Task prompt -
Every line of the listing is returned unchanged, and every picture is dropped.

Data shown -
- - -

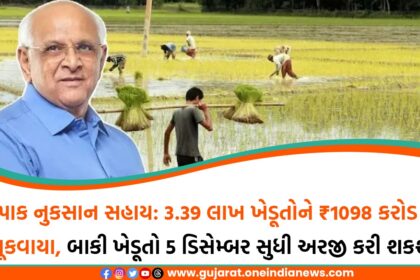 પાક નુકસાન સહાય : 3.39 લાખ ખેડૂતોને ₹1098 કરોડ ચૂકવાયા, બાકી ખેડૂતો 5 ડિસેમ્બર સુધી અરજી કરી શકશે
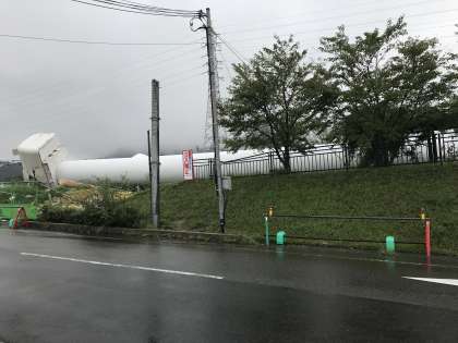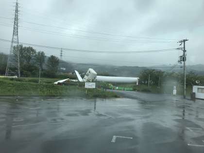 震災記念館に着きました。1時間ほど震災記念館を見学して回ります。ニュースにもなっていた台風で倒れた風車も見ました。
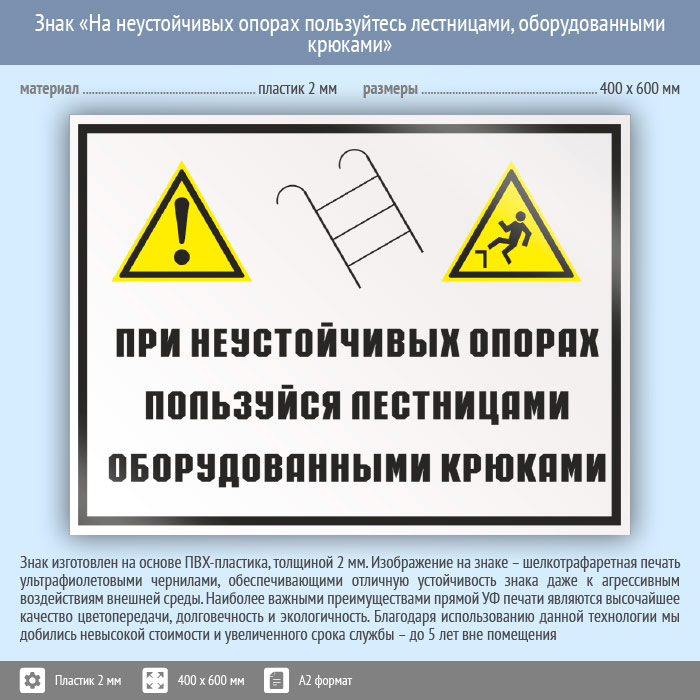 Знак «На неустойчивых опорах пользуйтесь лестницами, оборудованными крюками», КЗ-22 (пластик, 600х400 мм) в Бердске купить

- - -

Response below -
 પાક નુકસાન સહાય : 3.39 લાખ ખેડૂતોને ₹1098 કરોડ ચૂકવાયા, બાકી ખેડૂતો 5 ડિસેમ્બર સુધી અરજી કરી શકશે
 震災記念館に着きました。1時間ほど震災記念館を見学して回ります。ニュースにもなっていた台風で倒れた風車も見ました。
 Знак «На неустойчивых опорах пользуйтесь лестницами, оборудованными крюками», КЗ-22 (пластик, 600х400 мм) в Бердске купить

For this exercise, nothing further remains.